*** Opening of Supplied material ***

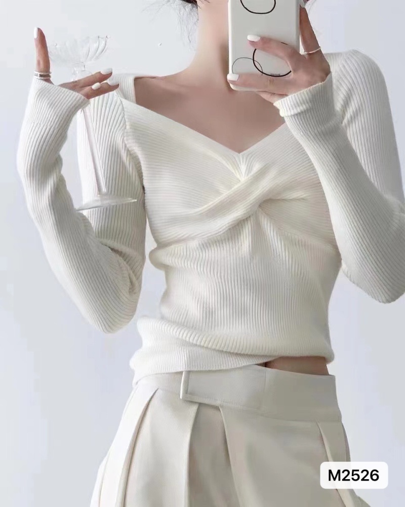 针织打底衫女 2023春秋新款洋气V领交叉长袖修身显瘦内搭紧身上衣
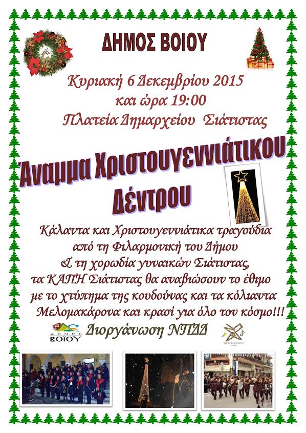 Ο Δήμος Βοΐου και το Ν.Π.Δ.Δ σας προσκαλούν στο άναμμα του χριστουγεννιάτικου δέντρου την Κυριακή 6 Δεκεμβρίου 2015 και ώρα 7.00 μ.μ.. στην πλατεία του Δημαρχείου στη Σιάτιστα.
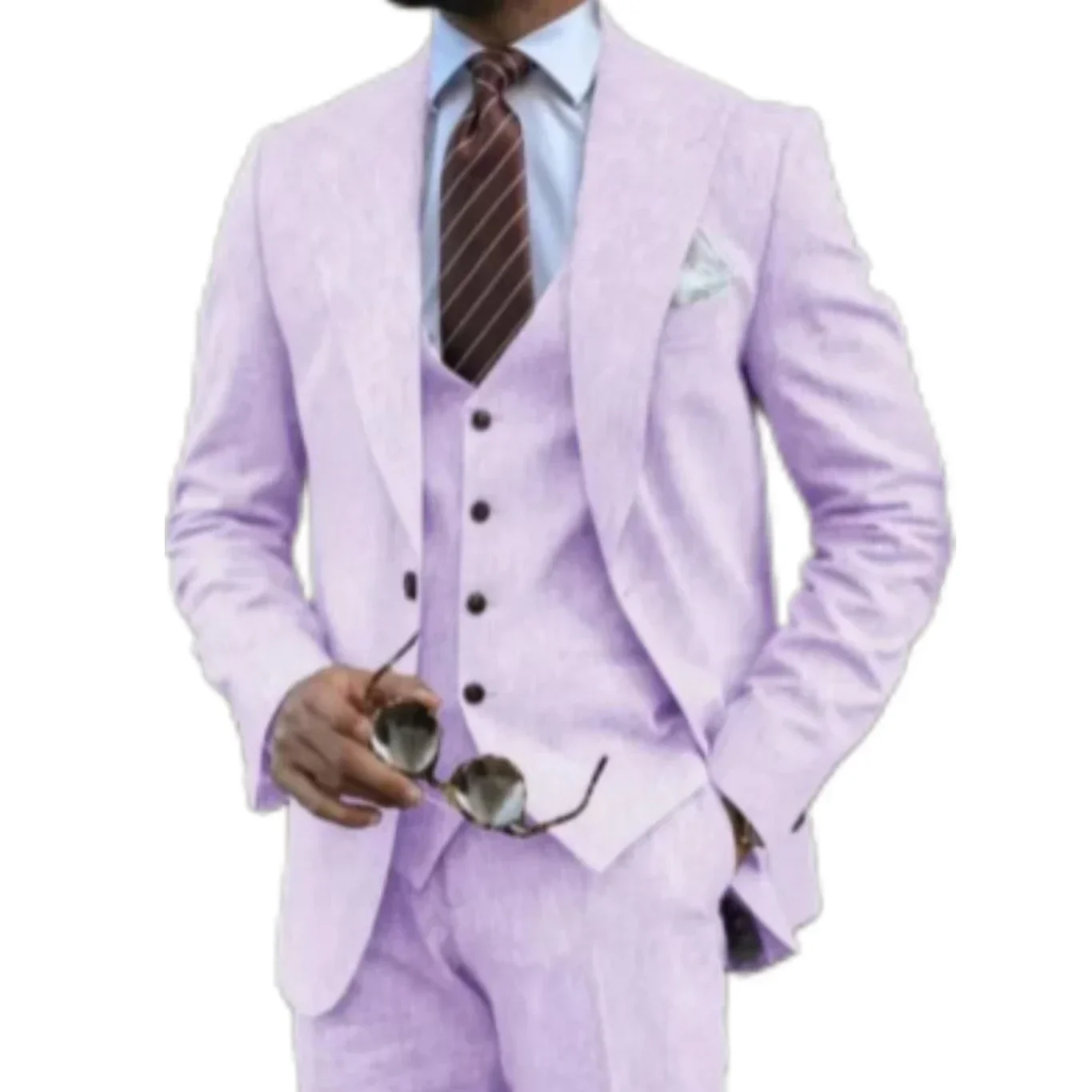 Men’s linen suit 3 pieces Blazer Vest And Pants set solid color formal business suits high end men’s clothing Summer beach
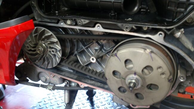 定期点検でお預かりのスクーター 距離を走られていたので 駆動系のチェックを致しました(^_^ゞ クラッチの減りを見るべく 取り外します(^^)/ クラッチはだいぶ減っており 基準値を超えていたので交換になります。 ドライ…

*** Close of Supplied material ***

> **Exercise prompt**
Beginning with the line that contains "Men’s linen suit" and ending with the final line of the material, reproduce those lines exactly and nothing else. Omit the pictures.

> **Response to the task**
 Men’s linen suit 3 pieces Blazer Vest And Pants set solid color formal business suits high end men’s clothing Summer beach
 定期点検でお預かりのスクーター 距離を走られていたので 駆動系のチェックを致しました(^_^ゞ クラッチの減りを見るべく 取り外します(^^)/ クラッチはだいぶ減っており 基準値を超えていたので交換になります。 ドライ…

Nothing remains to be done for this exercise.